Your next sentence makes sense though, 1KW PSU's are usually overkill, even if you like to oversize your PSU like I do.

> 80+ Gold or better is a good choice.

The selection was "gold", specifically. And that's not as bad as it might be, but titanium is better across the board and much better at low load. A titanium supply is more efficient at 20% load than a gold supply at 50%, for instance.

If you're over-sizing your power supply by ~60% (as is the case here) then this is significant.

I'll keep that in mind on my next build. The pricing steps up quire radically though, it seems.
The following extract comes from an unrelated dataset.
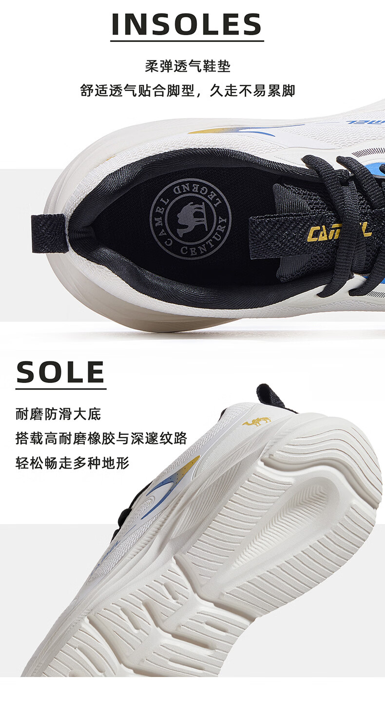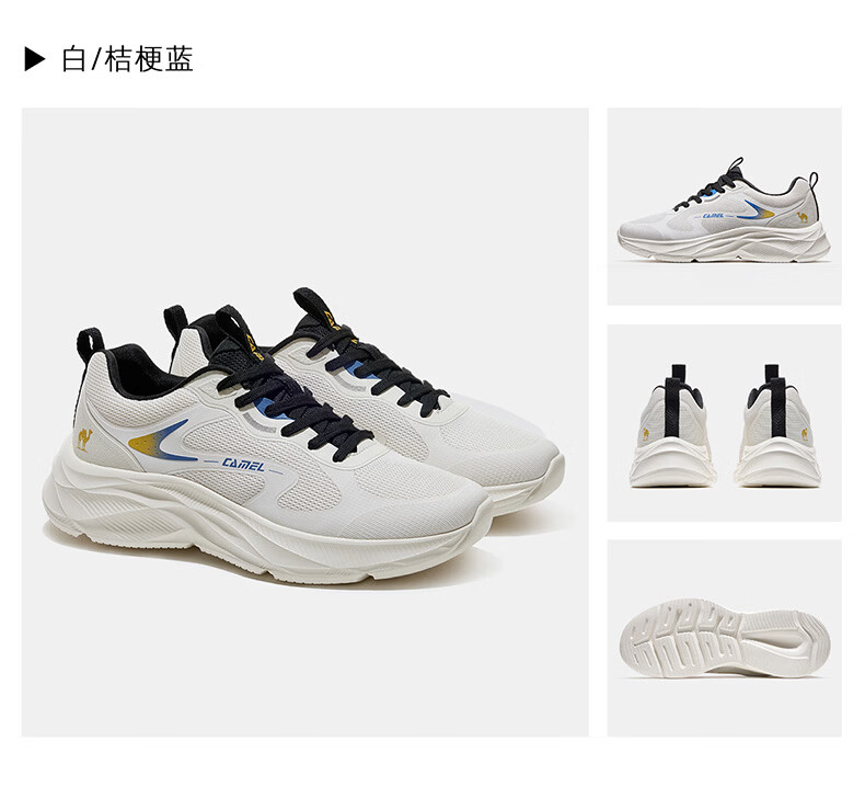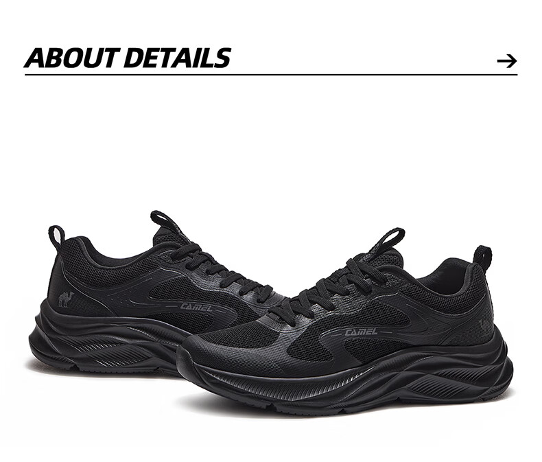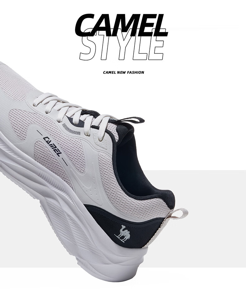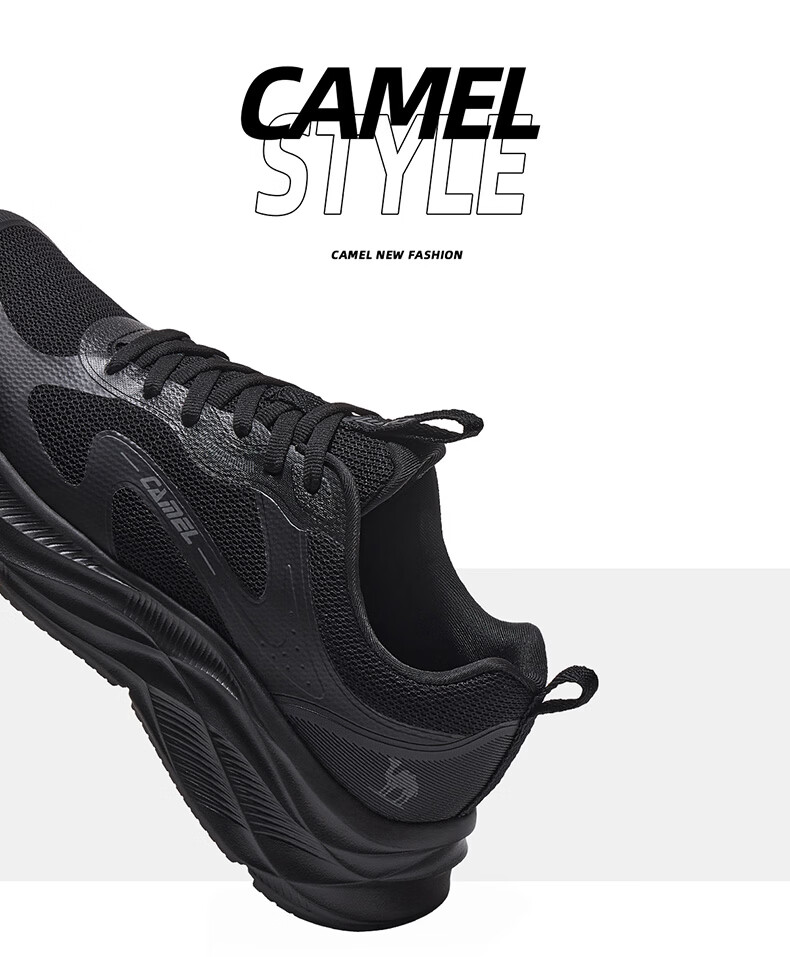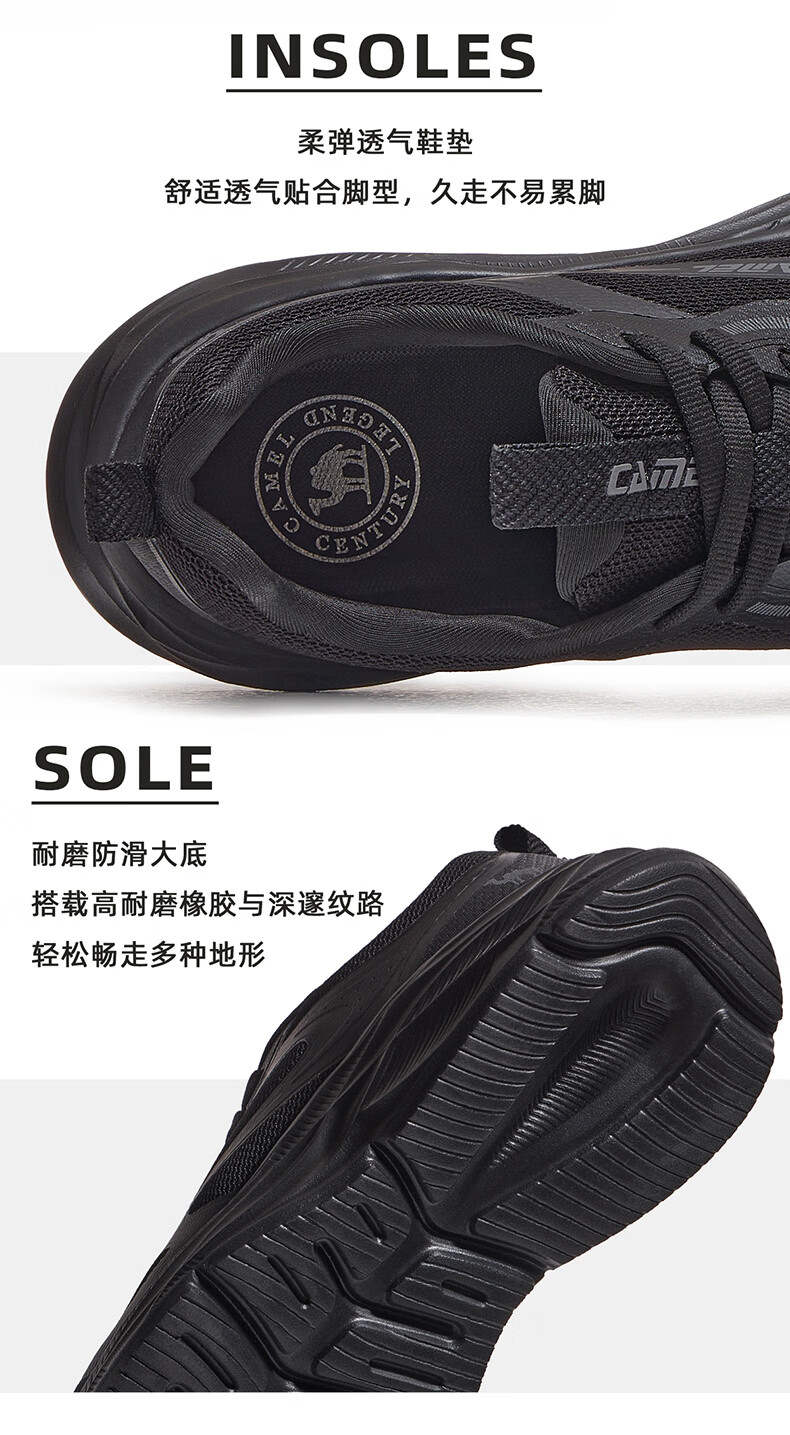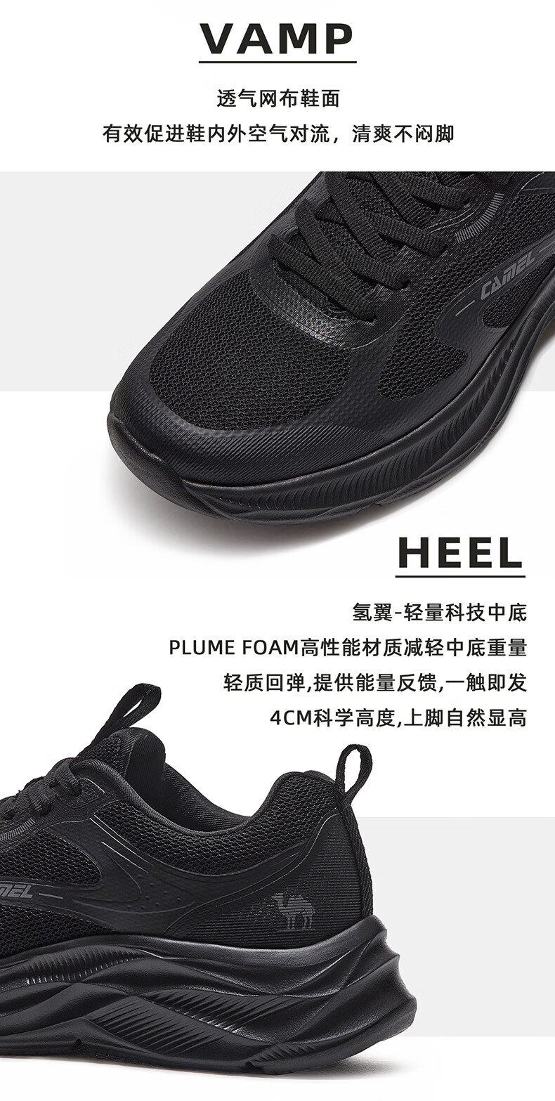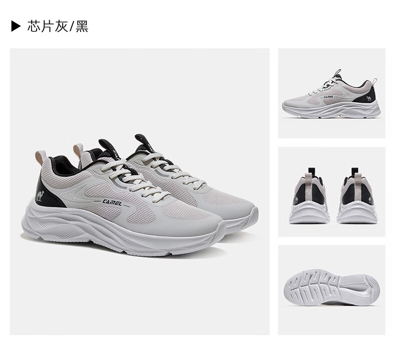 骆驼(CAMEL)疾风3代轻量透气2026运动男女鞋爸爸妈妈缓震旅游跑步鞋 K16B304059,黑/城堡灰,男 42

But, you build enough "rigs", you learn not to skimp on certain components like PSU's, Cases and Motherboards... which is normally where new builders cut corners.

A caveat is that if you’re going to use multiple GPUs it’s essential to get something like a Threadripper or a Xeon that has the pcie lanes to provide the full 16 lanes or at least 8 lanes to each GPU.
I’ve found that it’s really nice for things like image augmentation, and running RL environments in parallel. But maybe I should be doing augmentation in Dali.
It depends on how intensive your pre-processing pipeline is. With a really fast accelerator you can quite easily start to be bottlenecked by your CPU.
True, but Threadrippers start at 24 cores and go up from there. That's got to be some intense pre-processing. Not impossible I'm sure, but it would be unusual.
Threadripper is the only way to get more than the standard 20 PCIe lanes (and really only 16 lanes to the slots, on all but one board). It's possible that OP would have gone with a lower core count version if one existed, but the minimum buy-in on Threadripper 3000 series is the 24 core model.
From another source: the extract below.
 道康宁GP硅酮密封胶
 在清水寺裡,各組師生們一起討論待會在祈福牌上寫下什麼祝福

tbh this is kind of one of the ideal use-cases for Epyc. And with the way AMD has set up their pricing, it's actually no longer cheaper to use the workstation processors, in some situations it's significantly more expensive, they are really ripping you for the clock speed, and removing a bunch of other features in the process (RDIMM/LRDIMM support, etc). I strongly encourage everyone doing homelab and home ML rigs and similar stuff to really think about whether they want Threadripper, bearing in mind that threadripper is often more expensive than Epyc. It's no longer an obvious choice that server processors are for servers and home users can only afford workstation, it is the other way around.

AMD offers some low-core-count single-socket Epycs that are ideal for "lighting up the platform" tasks like this. Like, 7232P is a $450 processor and the 7402P is $1150. And they don't offer anything like that on Threadripper. They clock slower, sure, but they're not really using the CPU anyway. And that gets you a full 128 PCIe lanes, octochannel memory and RDIMM/LRDIMM support so they can stack in the memory.
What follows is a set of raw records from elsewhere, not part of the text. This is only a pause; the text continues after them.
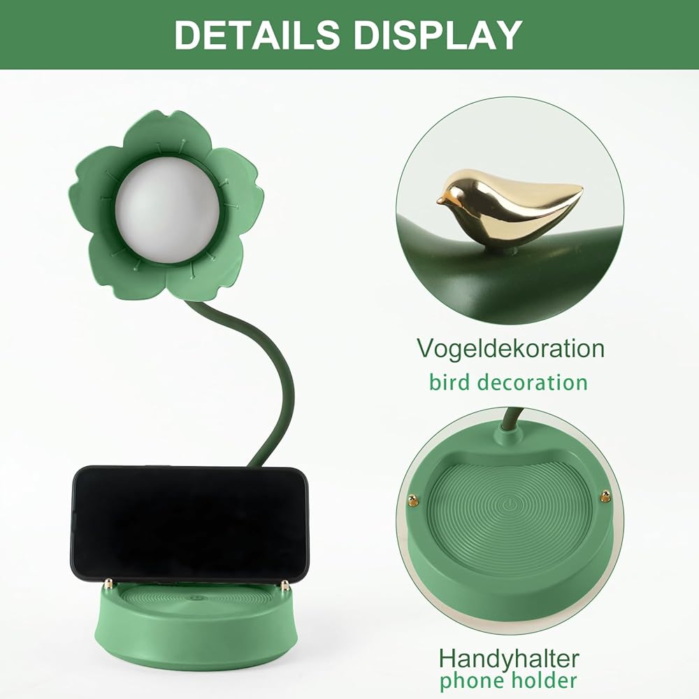 مصباح مكتبي لطيف تصميم مصابيح الطاولة في هذه السلسلة مستوحى من الغابات والزهور والطيور. يحتوي مصباح الطاولة على 4 ألوان، يمكن استخدامها كإضاءة ليلية صغيرة، أو إضاءة ليلية صغيرة، أو إضاءة للقراءة أو إضاءة تزيينية في غرفة النوم وغرفة المعيشة. إنها مناسبة بشكل خاص كهدية للأطفال والأصدقاء.
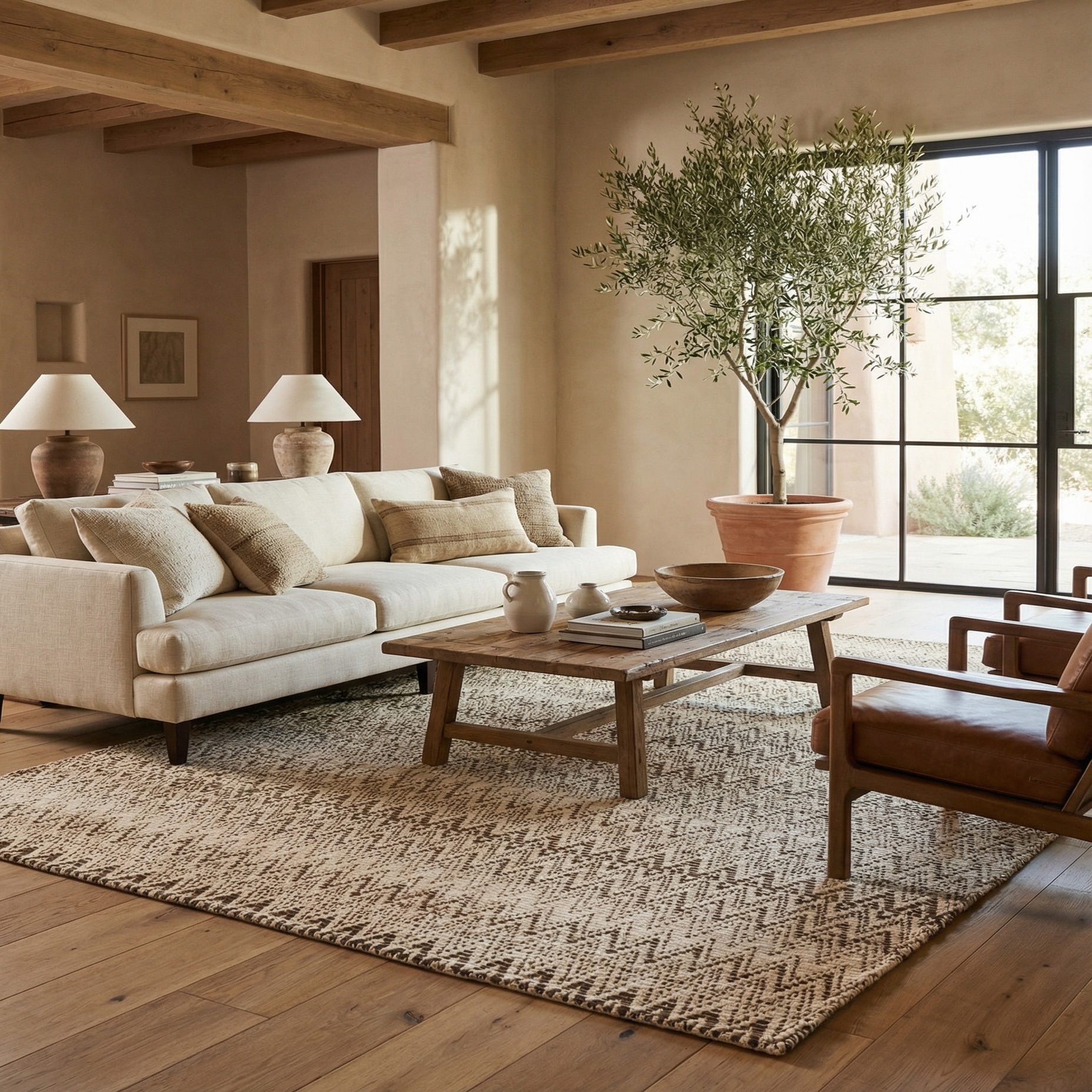 Primary color is Ivory. Colors in this rug include: Ivory, Brown.
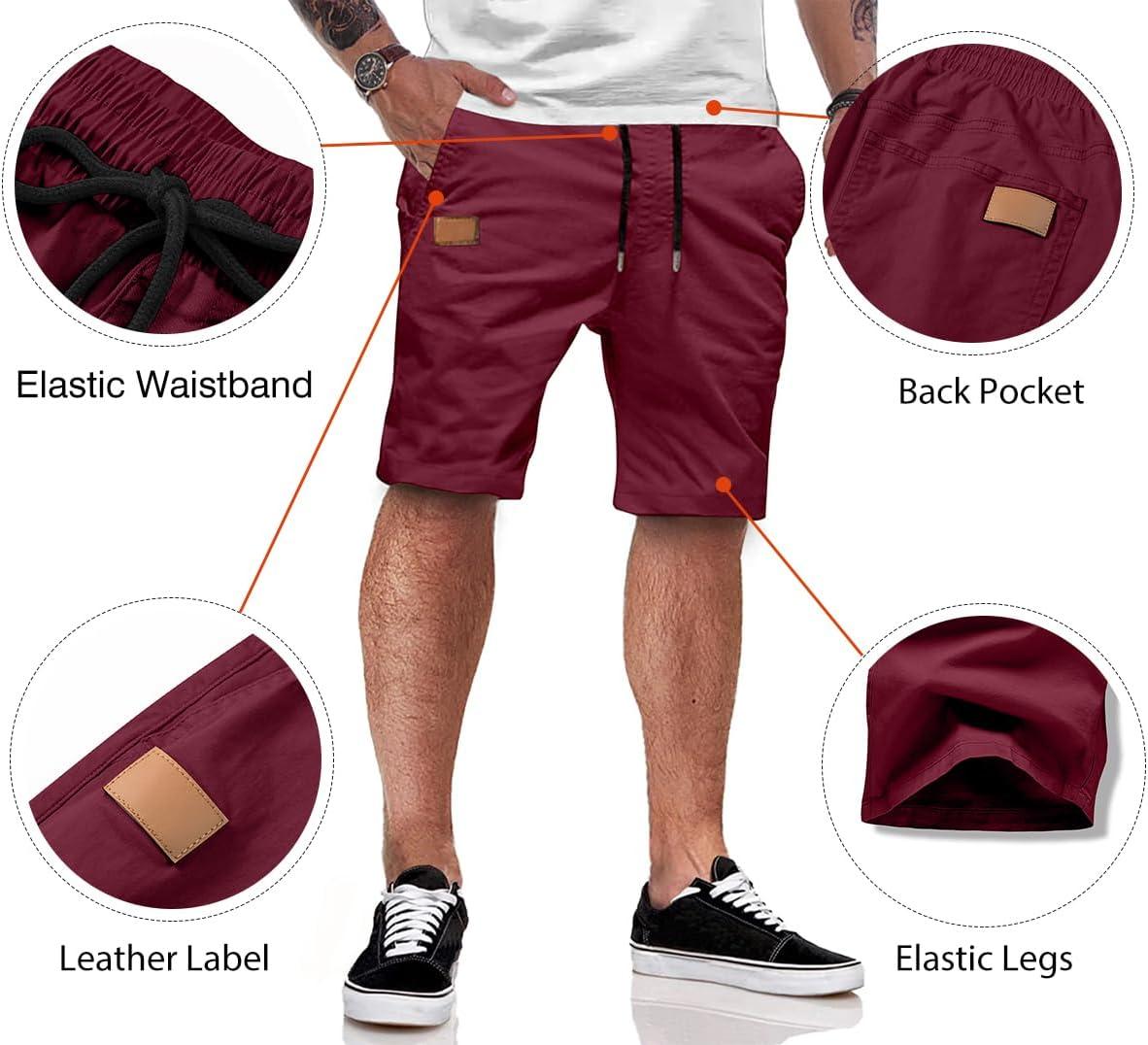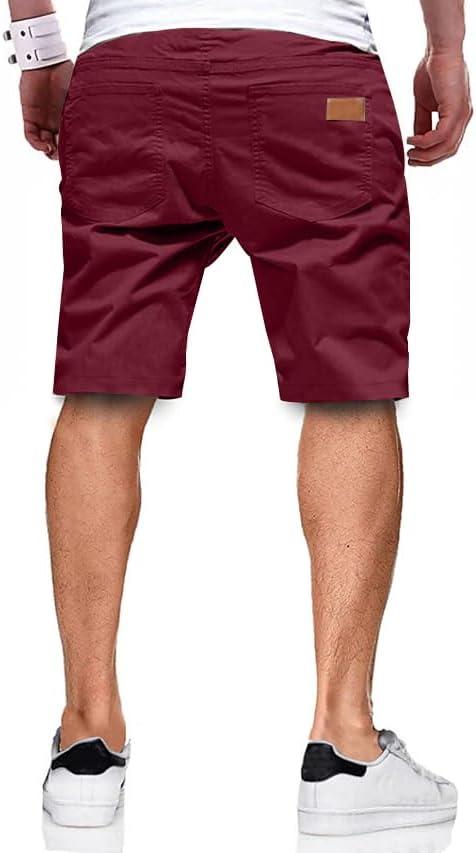 JMIERR Mens Casual Shorts – Cotton Drawstring Summer Beach Stretch Twill Chino Golf Shorts(S Red Dahlia)

If they want to game on it in their spare time then sure, Threadripper is probably the way to go.

+1. EPYC 7282/7302P/7402P is cheaper than we expect and gets massive RAM/IO capabilities. M/B is also not so expensive.+1. EPYC 7282/7302P/7402P is cheaper than we expect and gets massive RAM/IO capabilities. M/B is also not so expensive. Downside is that higher clock SKU of EPYC is expensive.
Threadripper Pro is an ideal processor (higher clocked Epyc). Unfortunately it's OEM only at this point.